The pilot project calls for eight county staff who work at tribal services or Del Norte’s Department of Health and Human Services to take two courses in Spring 2010 toward their bachelor of arts degrees. The initiative is designed to be a springboard for HSU’s Department of Social Work to offer online child welfare distance education on a permanent basis for associate, bachelor’s and master’s degrees.
The $100,600 grant, provided by the California Social Work Education Center (CalSWEC) at UC Berkeley, will cover the cost of offering the two Del Norte courses, plus tuition and related expenses. HSU, CSU Chico and CSU Bernardino will evaluate the project with the intention of continued programming and funding for the eight staff to complete their degrees.
Through CalSWEC and the state, Humboldt State is pursuing federal funding to cement its provision of distance education to remote Redwood Coast social work professionals. A course plan for both bachelor’s and master’s degrees would be a hybrid model of online, Web casting, video conferencing, in person and ITV technologies to meet child welfare staffing needs.
In preparation for the Del Norte project, HSU’s Department of Social Work joined last spring with CSU Chico and CSU Bernardino in a needs survey of child welfare agencies in remote geographic regions in their service areas. Staff in county and tribal health and human services agencies in Del Norte, Mendocino and Trinity Counties were canvassed for interest and learning preferences. The poll of tribal social service staff comprised the Hoopa Valley Tribe and Trinidad Rancheria in Humboldt County; four tribes in Del Norte County, Tolowa Nation, Smith River Rancheria, Resighini Rancheria and Yurok Tribe; and in Mendocino County, Round Valley Tribes.

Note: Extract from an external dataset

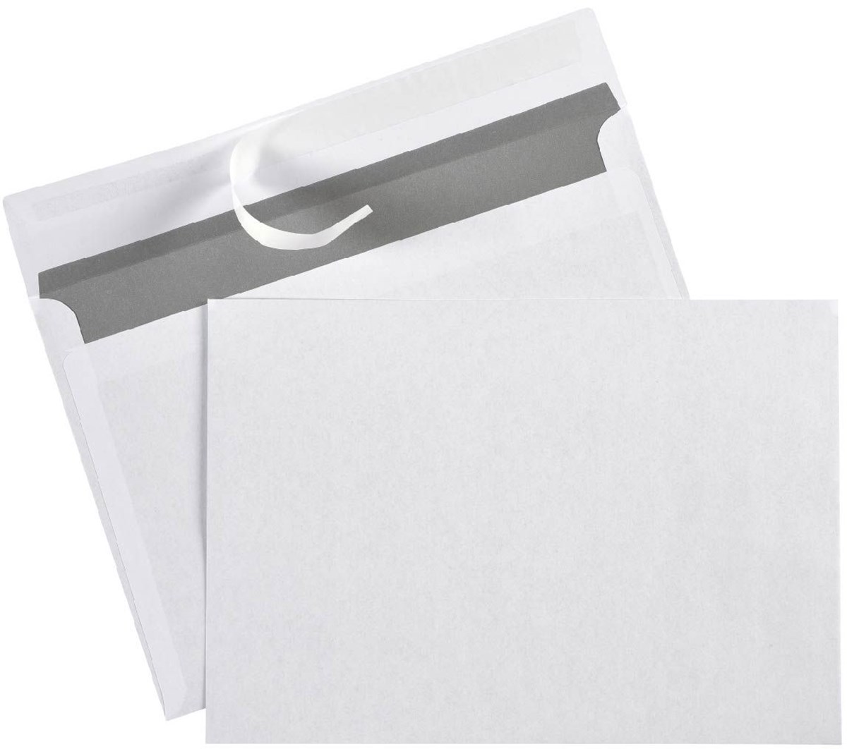 Självhäftande kuvert med Peel & Seal. Vitt kuvert med grått innertryck. Konsumentpackade.

“Humboldt County staff was not included in the survey, owing to its proximity to the campus, but there is clearly interest on their part as well,” said HSU Social Work Professor Pamela Brown, who is coordinator of the university’s Child Welfare Distance Education Project.
Brown and her colleagues met with the directors of social services of all the counties and tribes to gauge the need for degreed staff and their agencies’ capacity to support, hire and promote them. “Lastly,” said Brown, “we met with the two community colleges that serve this region, College of the Redwoods and Mendocino College, to determine their readiness for online or off-site course offerings and articulation agreements with HSU.”
Humboldt State is at work with CR to put the two social work pre-requisite courses online or offer them face-to-face at the college’s Del Norte campus.
Likewise, HSU is partnering with Mendocino College in its efforts to establish a Human Services Paraprofessional program and an articulation agreement with Humboldt State’s Department of Social Work.
A third prong of HSU’s effort is to work with CSU Chico on the potential for an inter-institutional bachelor of art degree program in social work. Chico has four bachelor of arts courses online, and “an efficient use of our resources would be for HSU to develop online courses Chico does not have,” Brown said. “That would enable a more collaborative model of service delivery, maximum use of resources and a mix of the strengths of the faculty’s expertise.”
Brown is near to concluding another funded study of staffing needs in public and tribal mental health services and community-based programs, in contract with county mental health agencies.
CalSWEC bills itself as the nation’s largest state coalition of social work educators and practitioners. Founded in 1990, it focuses on integrating university research with county services and with the development of graduate social work curriculum.